In any case, I think this path is irrelevant.
> -> #2 (rtnl_mutex){+.+.}-{3:3}:
> __mutex_lock+0x88/0x7a0
> mutex_lock_nested+0x20/0x28
> rtnl_lock+0x18/0x20
> set_device_name+0x30/0x130
> netdev_trig_activate+0x13c/0x1ac
> led_trigger_set+0x118/0x234
> led_trigger_write+0x104/0x17c
> sysfs_kf_bin_write+0x64/0x80
> kernfs_fop_write_iter+0x128/0x1b4
> vfs_write+0x178/0x2a4
> ksys_write+0x58/0xd4
> __arm64_sys_write+0x18/0x20
> invoke_syscall.constprop.0+0x4c/0xdc
> do_el0_svc+0x3c/0xbc
> el0_svc+0x34/0x80
> el0t_64_sync_handler+0xf8/0x124
> el0t_64_sync+0x150/0x154
This is one of the paths that matters. A userspace write is occuring
to the netdev trigger module. This path takes the following locks
(most recent first):
rtnl_lock()
trigger_lock (write)
triggers_list_lock (read)
> -> #0 (triggers_list_lock){++++}-{3:3}:
> __lock_acquire+0x12a0/0x2014
> lock_acquire+0x100/0x2ac
> down_write+0x4c/0x13c
> led_trigger_register+0x4c/0x1a8
> phy_led_triggers_register+0x9c/0x214
> phy_attach_direct+0x154/0x36c
> phylink_attach_phy+0x30/0x60
> phylink_sfp_connect_phy+0x140/0x510
> sfp_add_phy+0x34/0x50
> init_module+0x15c/0xa7c [sfp]
> cleanup_module+0x1d94/0x3120 [sfp]
> cleanup_module+0x2bb4/0x3120 [sfp]
> process_one_work+0x1f8/0x4ec
> worker_thread+0x1e8/0x3d8
> kthread+0x104/0x110
> ret_from_fork+0x10/0x20
This path I suspect (but hard to see, we've got that cleanup_module
and init_module crud there again which is utter trash, sfp_add_phy
is not called from any of the functions previously listed)...

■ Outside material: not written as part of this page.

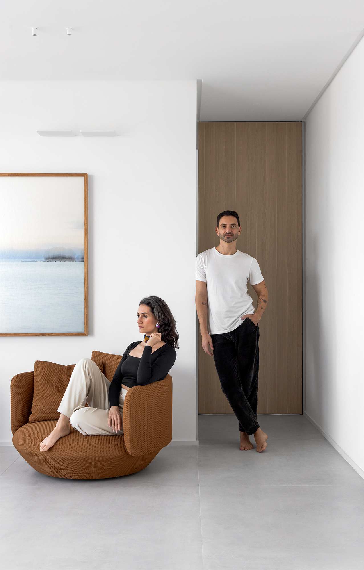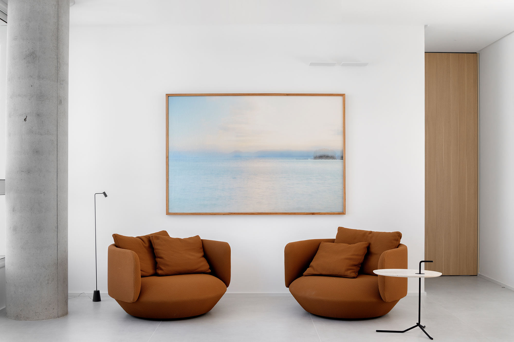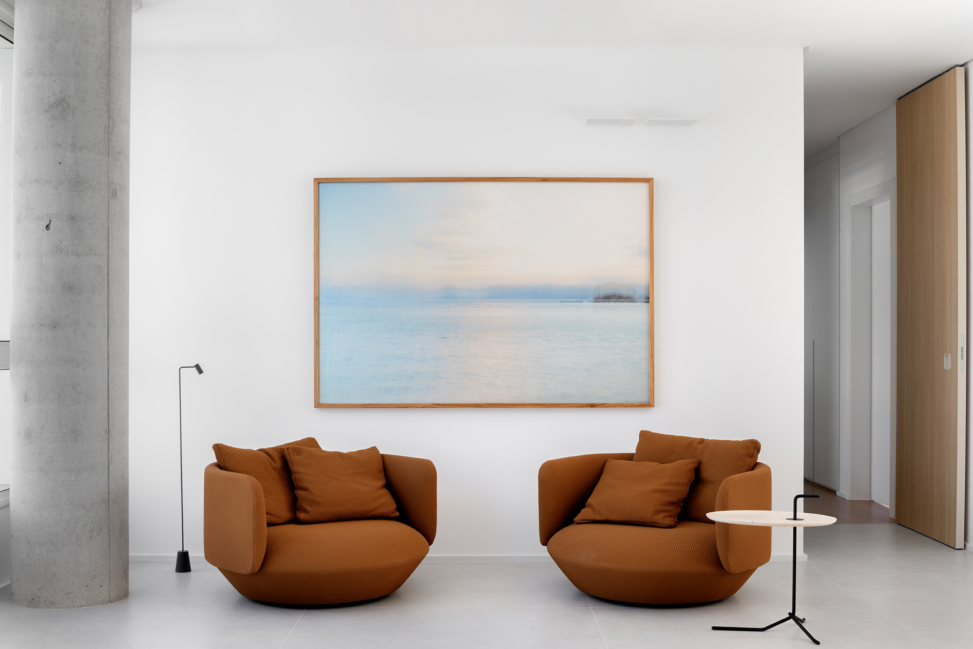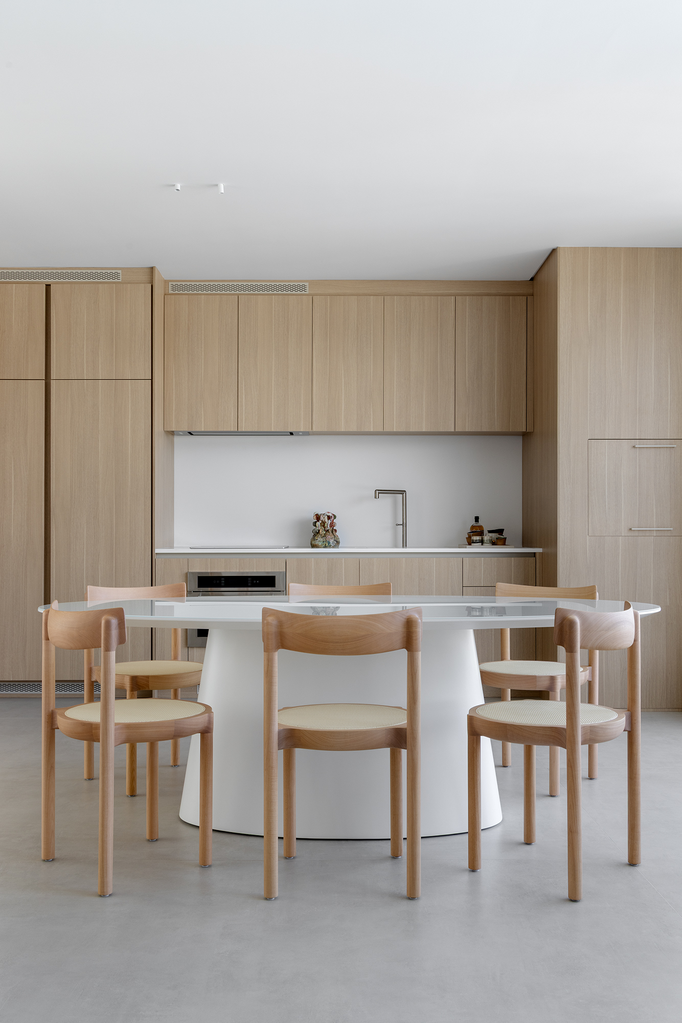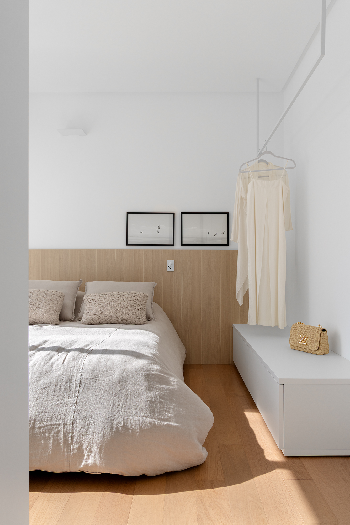 The Sea and the Beach as the greatest inspiration. An elegant simplicity. The chosen materials and textures play a supporting role, serving as a backdrop for the views that the large windows provide of the landscape. Wood and cement are important contrasts that bring depth to the composition. In this concept of an apartment where only the necessary enters, the curation of the furniture was designed to make sense. A highlight is the Banco Dominó by Claudia Moreira Salles, which welcomes those who enter, along with the composition on the Ballon table from Estudiobola. Complementing this composition is a replica of the art Sazanami by Heihachiro FUKUDA, brought by the owners from one of their trips to Japan. The armchairs in the living room are positioned so that, in addition to reading a book, the clients can admire the sea view and the hills of Praia Brava in Itajaí. The painting behind the armchairs is by the resident himself, who is a photographer. It's called Naoshima Dream. A project designed for rest, contemplation, and especially for a lighter life.
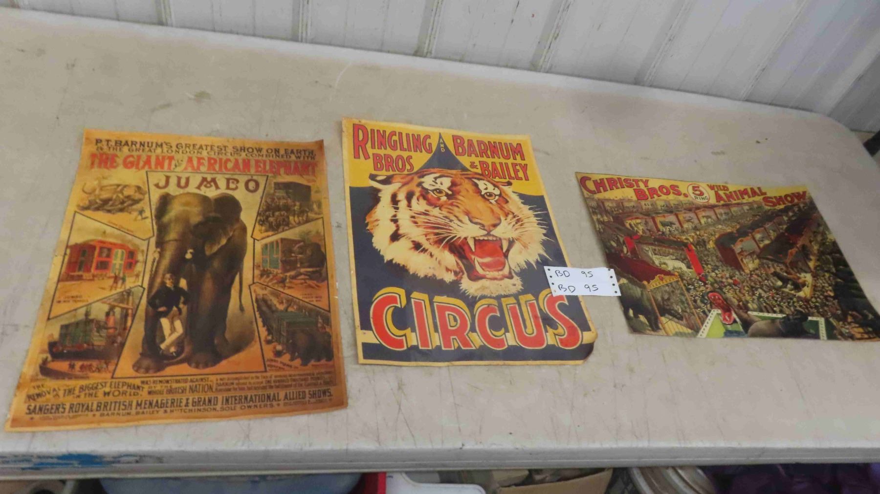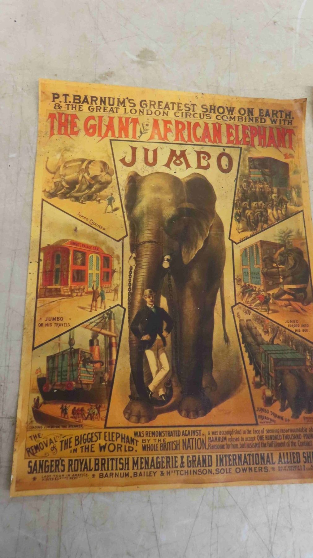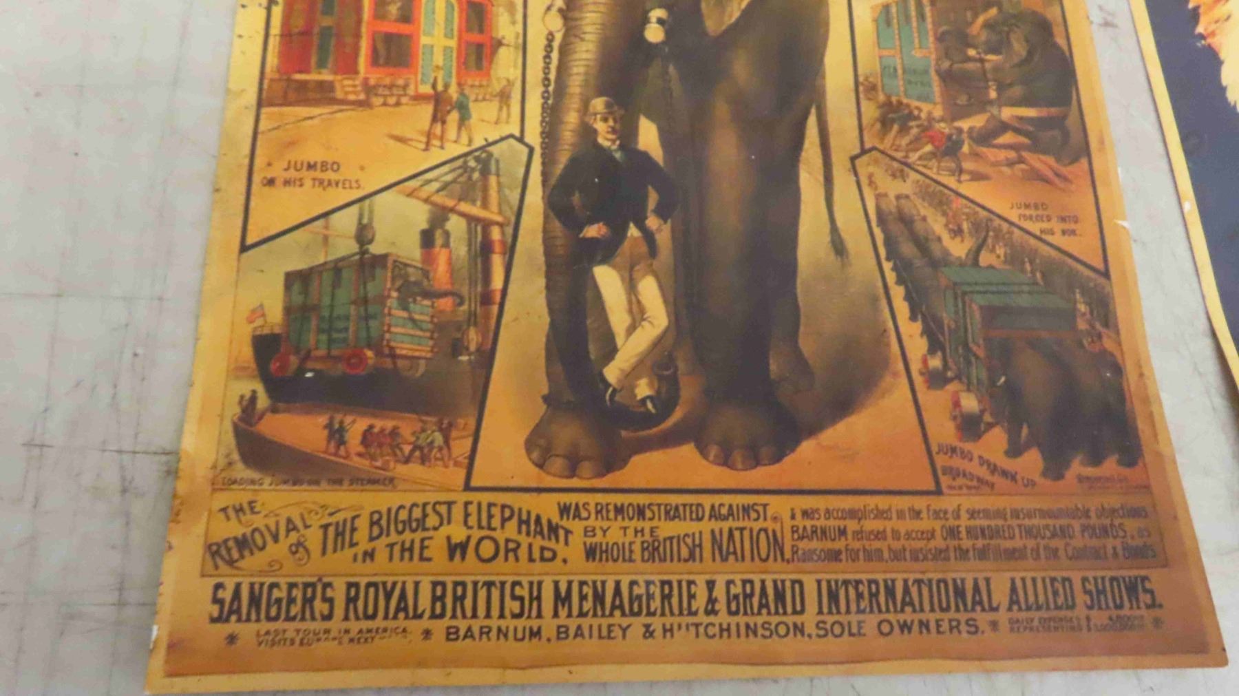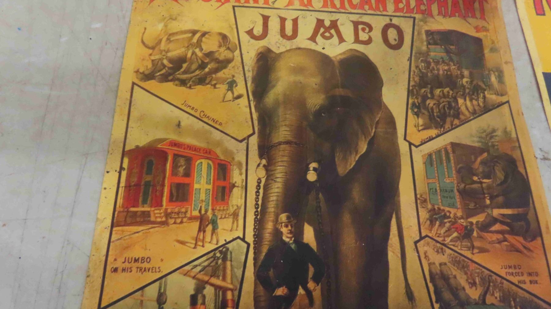 3 Vintage Circus Posters 'Jumbo the Elephant' , 'Barnum and Bailey', 'Caristy Bros'

Manually going through the code instead, the locking order will be:
triggers_list_lock (write)
sm_mutex
rtnl
I'm not sure that the lockdep report is accurate, as it seems to be
blaming the deadlock via three locks (triggers_list_lock --> rtnl_mutex
--> &sfp->sm_mutex) but I can't find a path where sm_mutex would be
involved (except the immediate above.)
It looks to me like the problem is in part caused by calling
phy_led_triggers_register() while holding the rtnl lock. Holding the
rtnl lock is fundamental to being able to safely remove and add PHY
devices to netdevs while they are up and running.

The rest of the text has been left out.